The required answer is the run of lines from the one holding "点击窗台盆栽,用水壶浇花,花开引蜗牛,获取线索。" to the end of the data below, copied exactly and free of pictures.

━━━━━ WORKING DATA ━━━━━

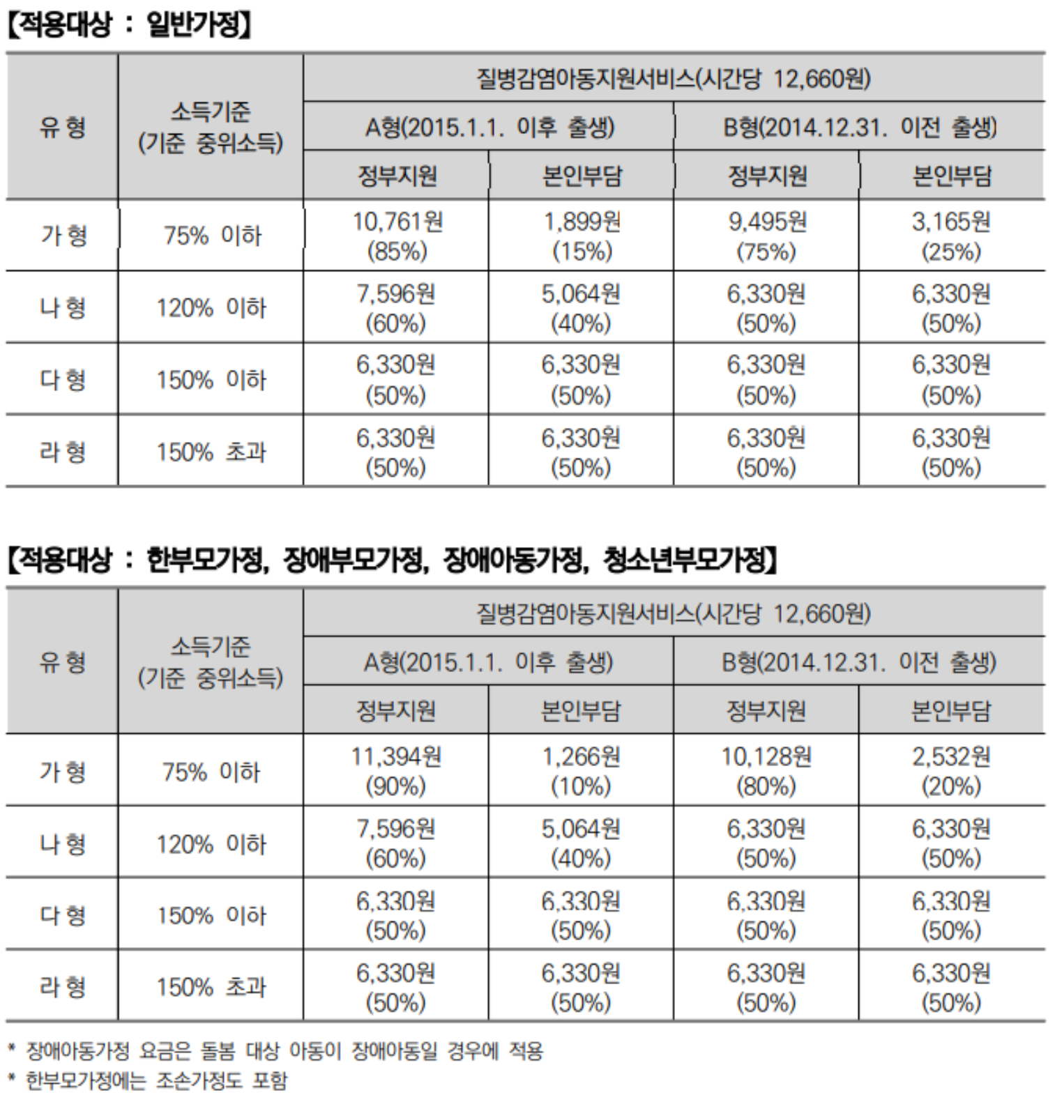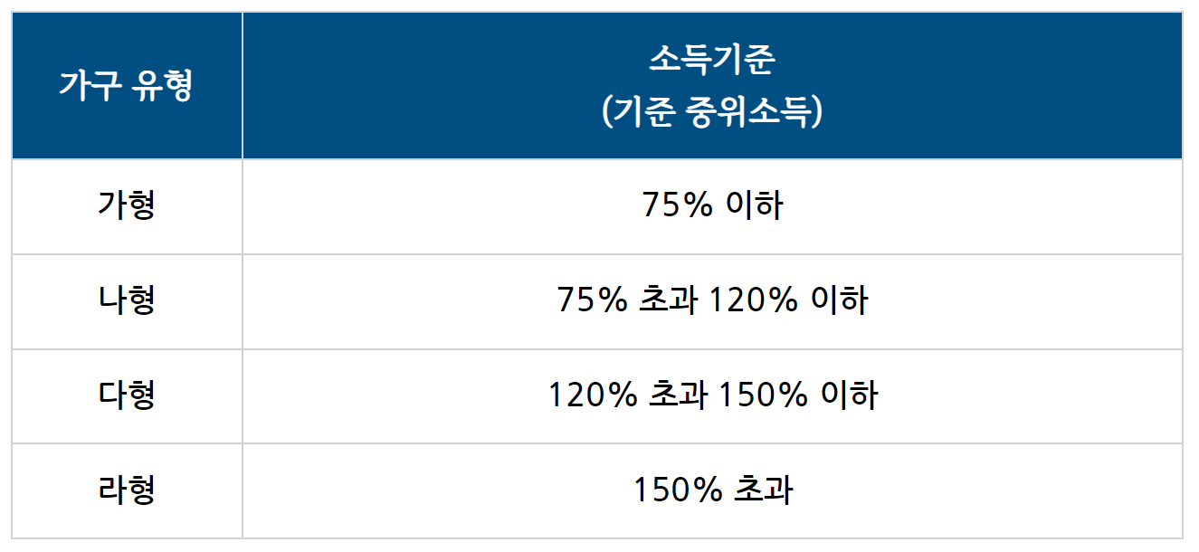 또한, 가구 소득기준에 따라 정부지원율이 차등 적용됩니다.
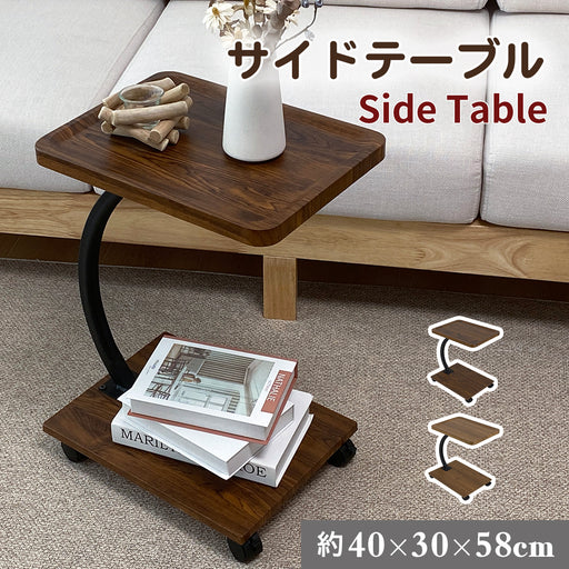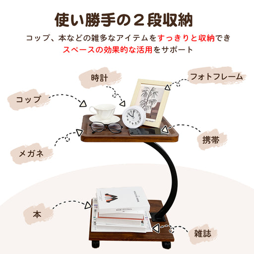 詳細を全部見るRAKU サイドテーブル ストッパー付きキャスター 移動簡単 C字型 家具に差し込み可能 木目調天板 お手入れ簡単 落下防止 角丸加工 2段収納 小物置き 寝室/リビング 約幅40×奥行30×高さ58cm おしゃれ
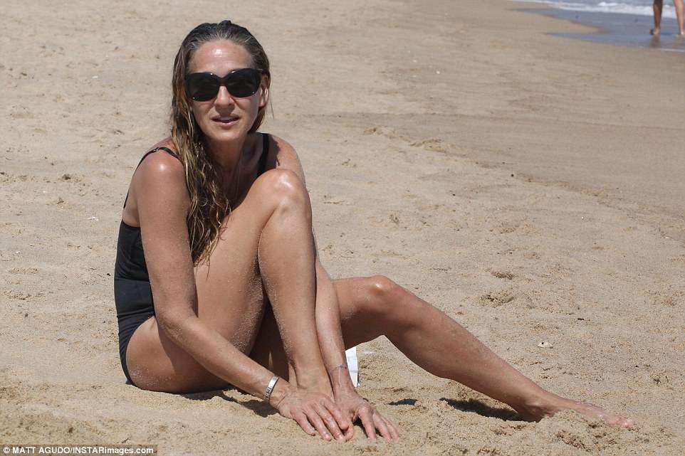 A atriz Sarah Jessica Parker exibiu boa forma durante ida à uma praia em Nova York. Aos 53 anos e apresentando um look básico composto por um maiô preto, óculos de sol e colar, ela aproveitou o dia ensolarado para pegar um bronzeado e ler um livro nas areias de Long Island.
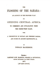 It’s hard to find out much about Donald Mackenzie, but in 1877, a few years before he set up the North West Africa Trading Company, he had a far more radical idea to capitalise on the trans-Saharan trade. He proposed nothing less than flooding the interior of the Sahara from the Atlantic so that, with the addition of a few canals which had proved so successful in Britain prior to the age of rail, ships could sail directly to Timbuktu and the Niger river in a matter of days, avoiding the arduous overland journey of weeks. As a side benefit the flooding would ‘green’ the Sahara, enabling agriculture to thrive across the wind-blown sands.
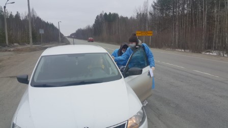 Волонтеры из Серовского филиала медицинского колледжа помогают дорожной полиции на трассе в рейде по профилактике распространения COVID 2019
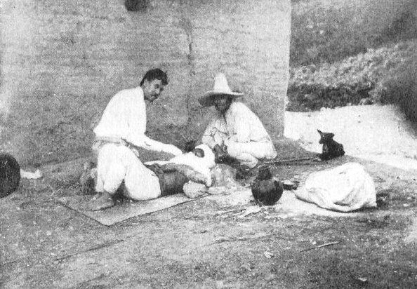 All rose early. Not only did we wish to make an early start, but the boys, too, were to make a journey. Our friends had agreed to make us some coffee and tortillas. We had made our preparations for starting and were waiting for our breakfast, when a shriveled and wrinkled old woman tottered up to beg the strangers to visit her sick son and prescribe some remedio. On our consenting to go with her, she caught up a stick of fat pine, lighted it in the fire, and with this blazing torch to light the way, preceded us to her house. Her son had been a strong and robust young man, but four months of lying upon his pole-bed had sadly reduced him. He was thin and pale, coughed sadly, and suffered with fever, chills, and dreadful headaches. He was taking medicines brought from Tehuantepec, but these seemed to have no effect and we were begged to suggest treatment. We advised continuance of the remedy she had been using, but also prescribed hot water taken in the morning and at night, hot water applications for the headaches, quinine for the chills and fever, and a digestive for the stomach trouble, and furnished these remedies from our own supplies. Having lighted us back to our lodging-place the old lady asked our charge. When we refused to receive payment from the poor creature, we noted an increased activity on the part of our host and hostess; a bit of cheese
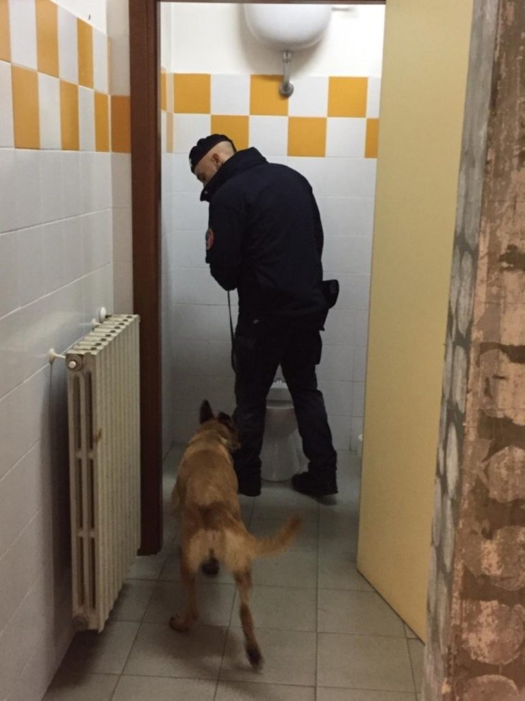 GAETA – In data odierna, nel Comune di Gaeta, nel corso di predisposti servizi finalizzati a contrastare lo spaccio di sostanze stupefacenti e contestuale consumo tra adolescenti, i Carabinieri della locale Tenenza, con l’ausilio del Nucleo Carabinieri Cinofili, presso alcuni istituti di istruzione secondaria, effettuavano una serie di controlli, ispezioni e perquisizioni, rinvenendo all’interno dei servizi igienici maschili degli istituti scolasti circa 2 grammi di sostanza stupefacente del tipo “hashish”, un cosiddetto “trita-erba” nonché materiale atto al confezionamento.
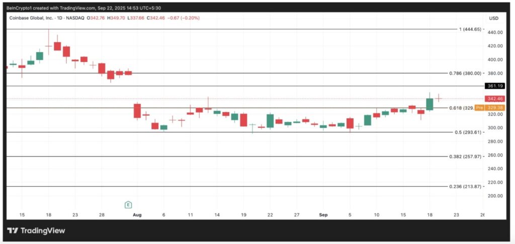 Antusiasme terhadap rencana ini berpotensi mendorong harga saham COIN naik menuju $361 jika permintaan meningkat. Sebaliknya, jika terjadi aksi jual yang lebih luas, harga saham bisa tergelincir ke bawah $329,26.
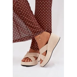 Dámské pantofle na platformě z eko semiše béžové Calorine
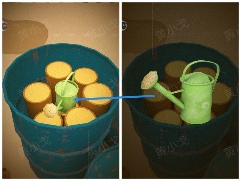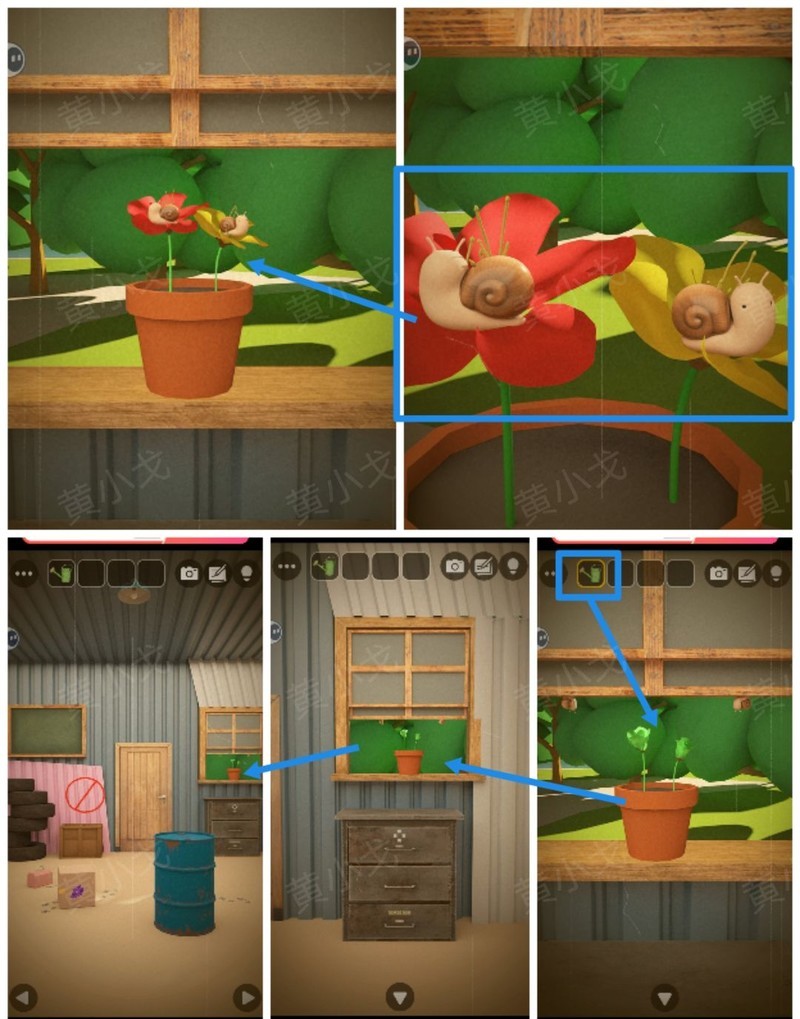 点击窗台盆栽,用水壶浇花,花开引蜗牛,获取线索。
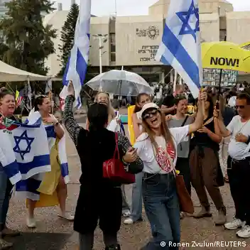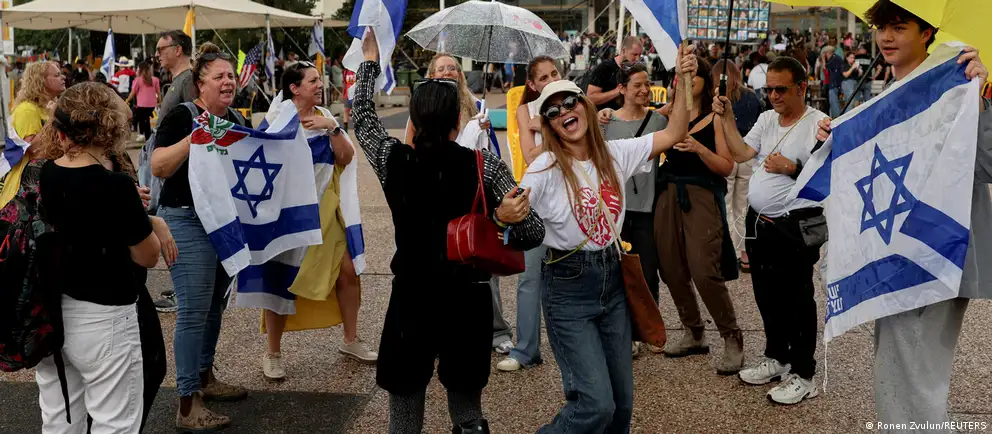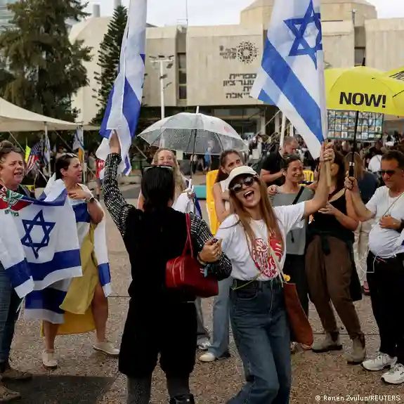 خانوادههای اسرائیلیهایی که در غزه به گروگان گرفته شدهاند، پس از اعلام توافق، در میدان معروف به "میدان گروگانها" در تلآویو گردهم آمدند.
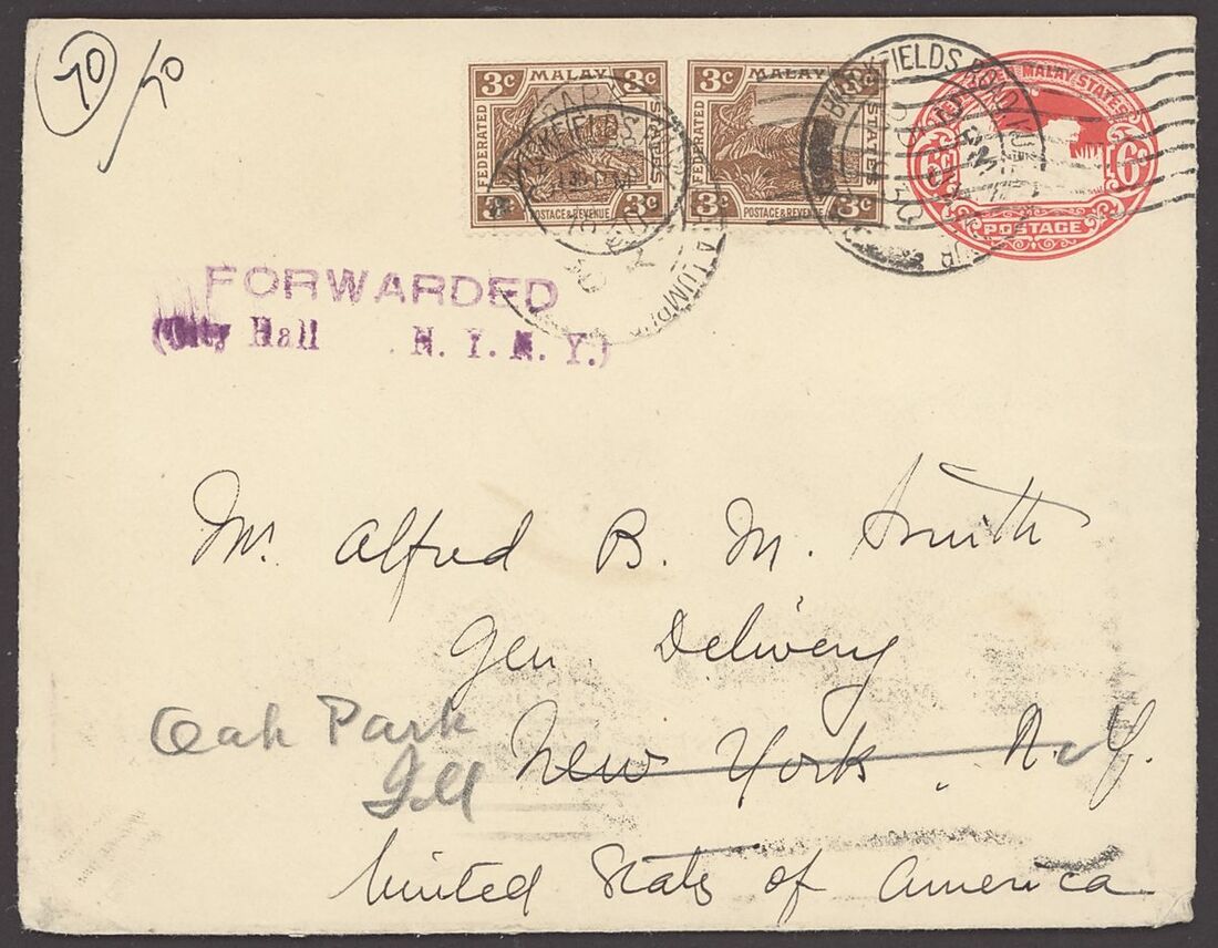 1930 (25 July) 6c. red envelope to New York and re-addressed to Illinois, uprated with 3c. (2), cancelled by
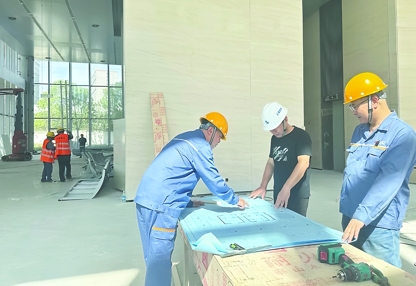 跟随巡检人员的脚步,记者来到设备层20层。这一层的中央空调机房,能实现20层及以上楼层的冷热调控,目前处于调试状态。在中央空调机房,胡宇涛等人认真检查和记录中央空调水管等设施的状态。“天气越是炎热,越是要对消防设施、空调设施等进行重点检查。”他们说,在做好防暑降温的基础上,所有建设者将坚守岗位,确保大楼按时高质量交付。
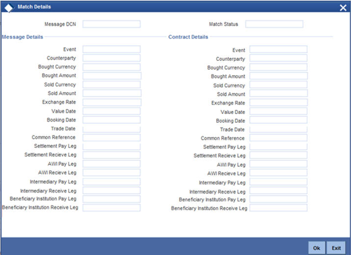 Click ‘View Match Details’ button in ‘Confirmation Message Matching’ screen to view match details based on the message and contract reference numbers, the following window is displayed:
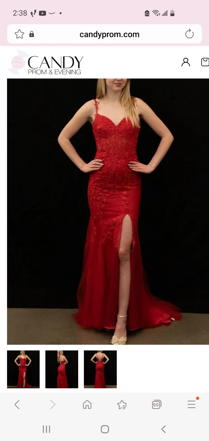 This red lace prom dress features a sweetheart neckline and a daring slit. It's designed with spaghetti straps and a flowing tulle skirt. It would be perfect for a formal event or prom night!

━━━━━

**YOUR SOLUTION**
 点击窗台盆栽,用水壶浇花,花开引蜗牛,获取线索。
 خانوادههای اسرائیلیهایی که در غزه به گروگان گرفته شدهاند، پس از اعلام توافق، در میدان معروف به "میدان گروگانها" در تلآویو گردهم آمدند.
 1930 (25 July) 6c. red envelope to New York and re-addressed to Illinois, uprated with 3c. (2), cancelled by
 跟随巡检人员的脚步,记者来到设备层20层。这一层的中央空调机房,能实现20层及以上楼层的冷热调控,目前处于调试状态。在中央空调机房,胡宇涛等人认真检查和记录中央空调水管等设施的状态。“天气越是炎热,越是要对消防设施、空调设施等进行重点检查。”他们说,在做好防暑降温的基础上,所有建设者将坚守岗位,确保大楼按时高质量交付。
 Click ‘View Match Details’ button in ‘Confirmation Message Matching’ screen to view match details based on the message and contract reference numbers, the following window is displayed:
 This red lace prom dress features a sweetheart neckline and a daring slit. It's designed with spaghetti straps and a flowing tulle skirt. It would be perfect for a formal event or prom night!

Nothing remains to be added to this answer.